4. Performance evaluation

In this section, numerical results and analysis are presented to demonstrate the performance of different schemes for planning VDR FSO feeder links.

4.1 Simulation setup

To simulate atmospheric attenuation, we set the atmospheric visibility height as 30 km and only consider the atmospheric attenuation caused by aerosol scattering. To simulate atmospheric scintillation, the $C_n^2$ profile of the refractive index structure parameter $C_n^2(h)$ described as HV5/7 model [27] is used in this paper. The intensity structure size parameter in the FSO receiver is derived in a rough approximation through the Fresnel size given by the distance from a dominant turbulent layer, and the height of the dominant turbulent layer is assumed as 12 km referring to [28]. The height difference between OGSs is ignored in this paper. For the low-orbit satellite distribution, two constellations Starlink and Iridium are considered in this paper.
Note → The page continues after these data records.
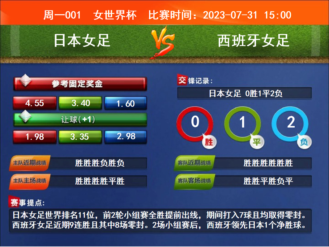 周一競彩足球強(qiáng)檔:日本女足戰(zhàn)勁敵 澳女足生死一線
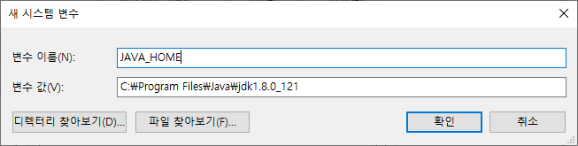 변수 이름은 JAVA_HOME으로, 변수값은 자바가 설치되어있는 위치로 지정해준다.
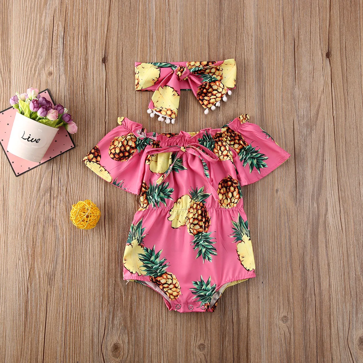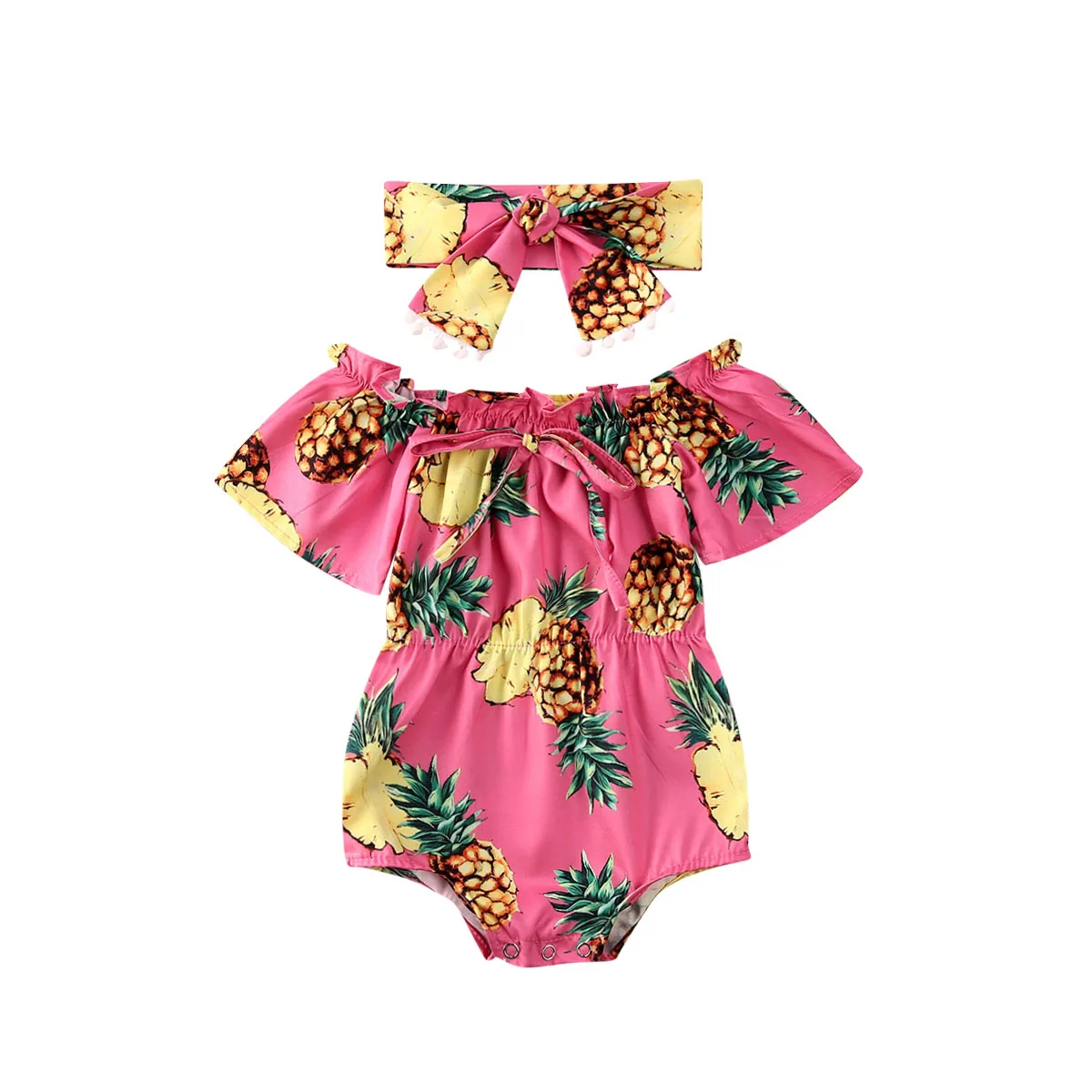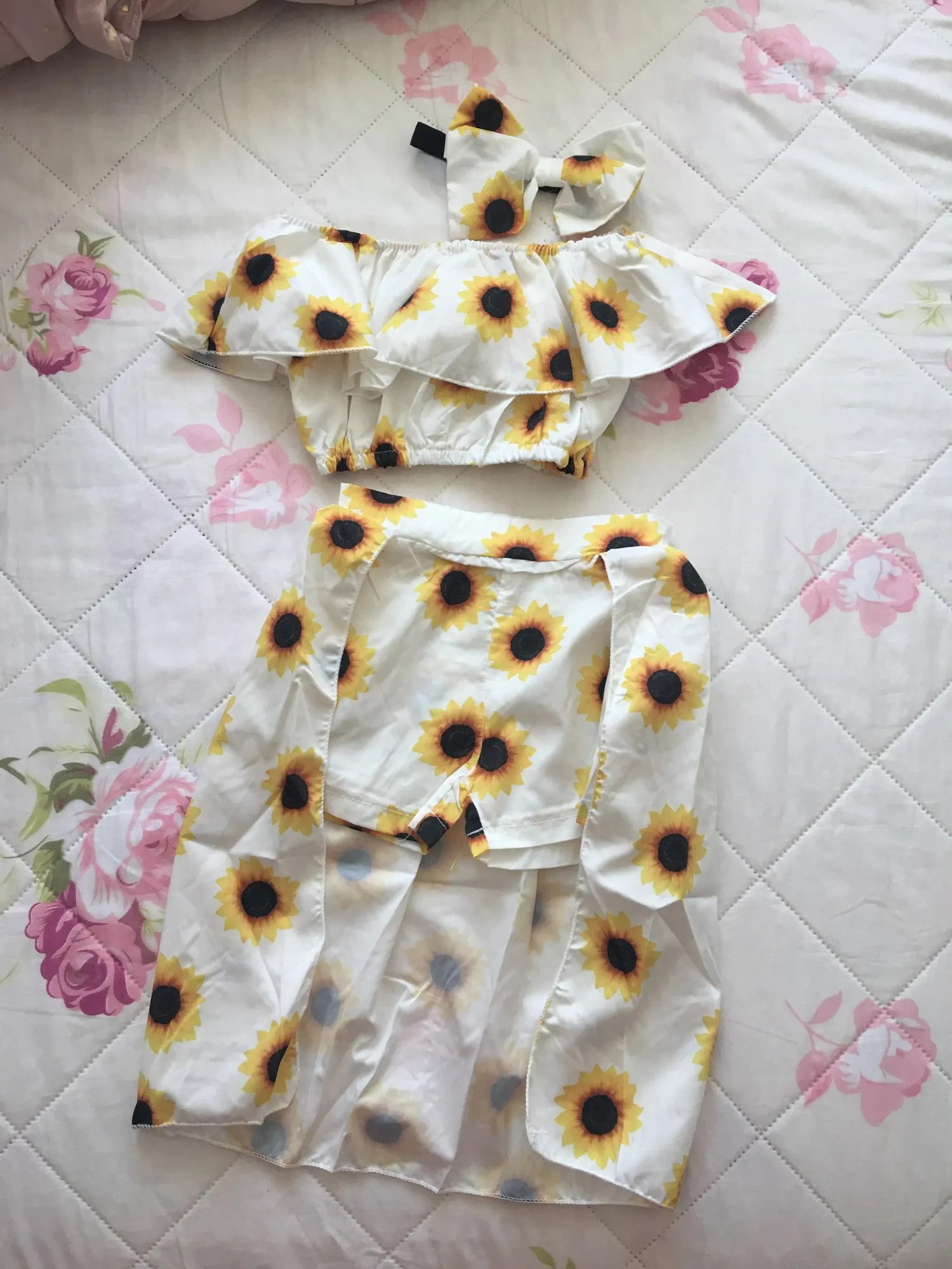 Комплект летней детской одежды с принтом подсолнуха, топ с оборками и длинная повязка на голову, комплект из 2 предметов для маленьких девочек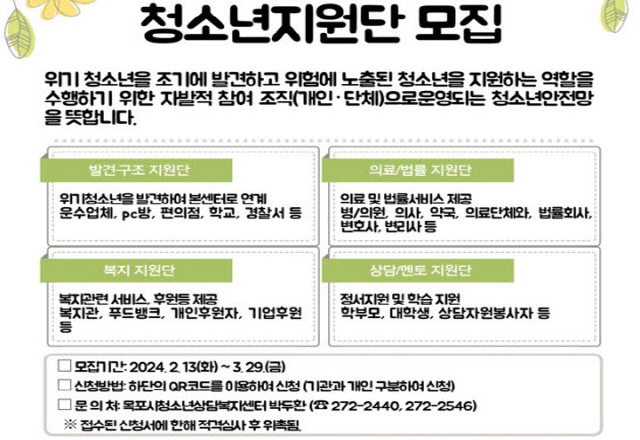 (전남=NSP통신) 윤시현 기자 = 목포시 청소년상담복지센터가 위기 청소년들의 안전한 성장 지원을 위한 ‘1388청소년지원단’을 13일부터 오는 3월 29일까지 공개 모집한다.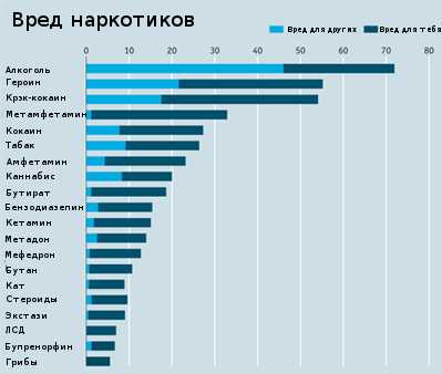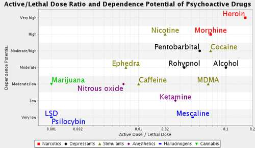 Обрати внимание на картиночку. Вещества слева внизу самые безопасные, а те, что выше и правее, более опасны. Заметь: этот естественный друг, марихуана, гораздо опаснее ЛСД, синтезируемого в лабораториях, и зависимость от нее сильнее. И да, посмотри на алкоголь, затесавшийся в компанию кокаина и морфина. Как тебе такое?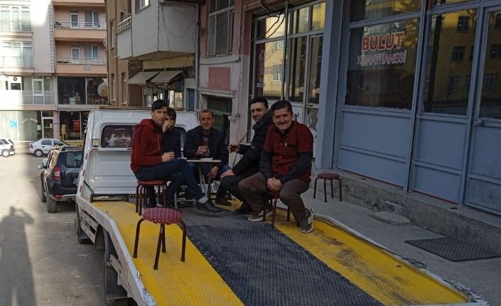 Ordu’nun Kumru ilçesinde vatandaşlar, bir kıraathanenin önüne park eden oto kurtarıcının üzerinde kurulan masada çay molası verdi.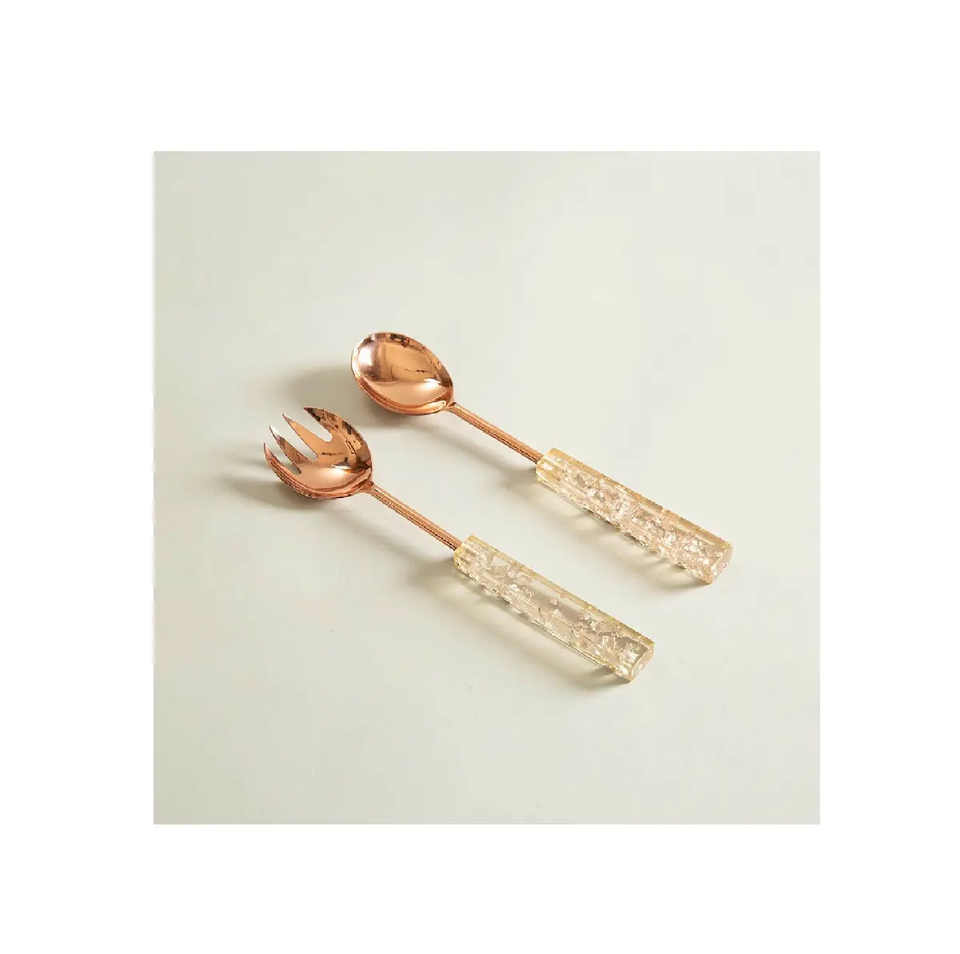 Servidor de ensalada de acero inoxidable, mango hecho a mano, vajilla de lujo para hotel y restaurante, servidor de ensalada de lujo al mejor precio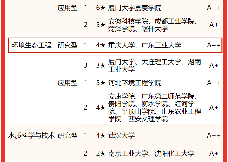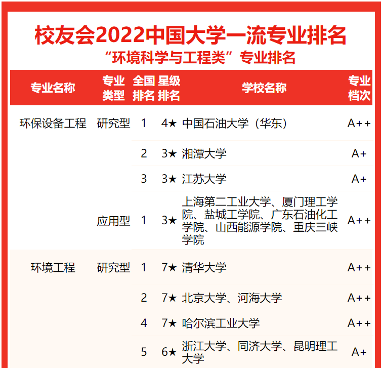 获得中国四星级专业(4★),入选世界知名、中国高水平专业行列,勇夺校友会2022中国大学环境生态工程专业排名(研究型)榜首。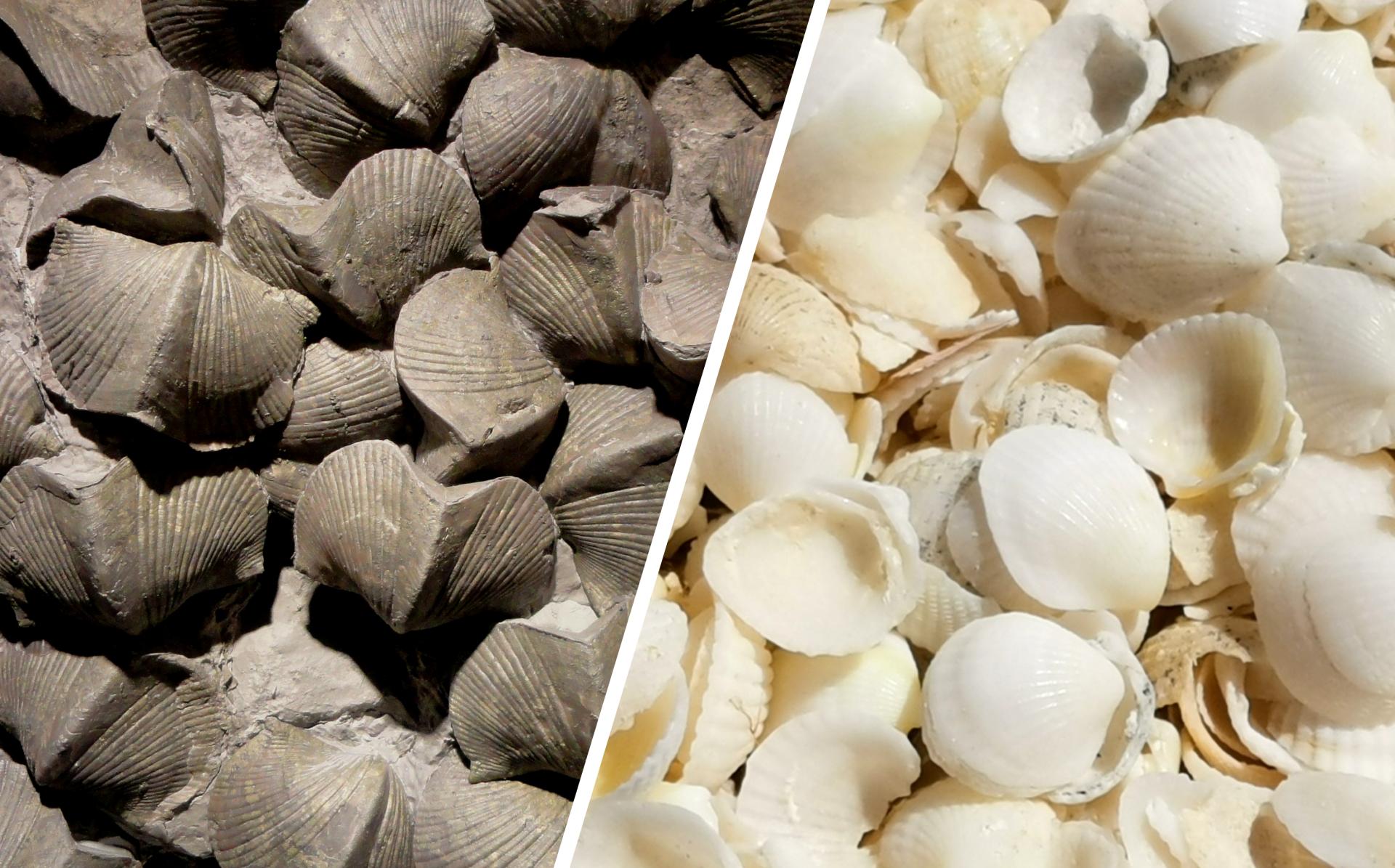 左图:美国泥盆纪腕足类化石。图片源自Daderot(Wikimedia Commons)。右图:西澳大利亚贝壳滩(shell beach)的现代双壳类,陈中强/摄

Some configuration parameters used in the simulation are shown in Table 3. Considering that the FSO feeder link may be affected by the cloud shading, the cloud margin Mcloud of 3 dB is required in the feeder link budget, and we classify this margin into the constant loss of feeder links for simplicity. This paper assumes that there are some OGSs deployed in the gateway nodes in the TON. Figure 8 shows the topology of the TON national science foundation network (NSFNET), and the nodes 0-13 are the gateway nodes of NSFNET. Considering the limitation of the number of satellite-ground communication terminals and on-board energy in low-orbit satellites, we set that each satellite can only establish a feeder link. For OGSs with close geographic locations, there may be some overlap between their observation areas. OGSs with overlapping observation areas may compete for the same satellite, and this condition easily happens in the SGION with low satellite density. To compare the performance of two baselines and NSGA-FLHCA when there are different degrees of satellite competition between OGSs, we simulate the feeder link planning under different OGS deployments, and two deployments of four OGSs in NSFNET are shown in Fig. 8. The difference between two deployments is that the OGS distribution of deployment-2 is more dispersed than that of deployment-1, and the OGSs in deployment-1 are more likely to compete the same satellites for establishing feeder links.

 figure: Fig. 8.

Fig. 8. Two OGS deployments in NSFNET. (a) deployment-1, (b) deployment-2.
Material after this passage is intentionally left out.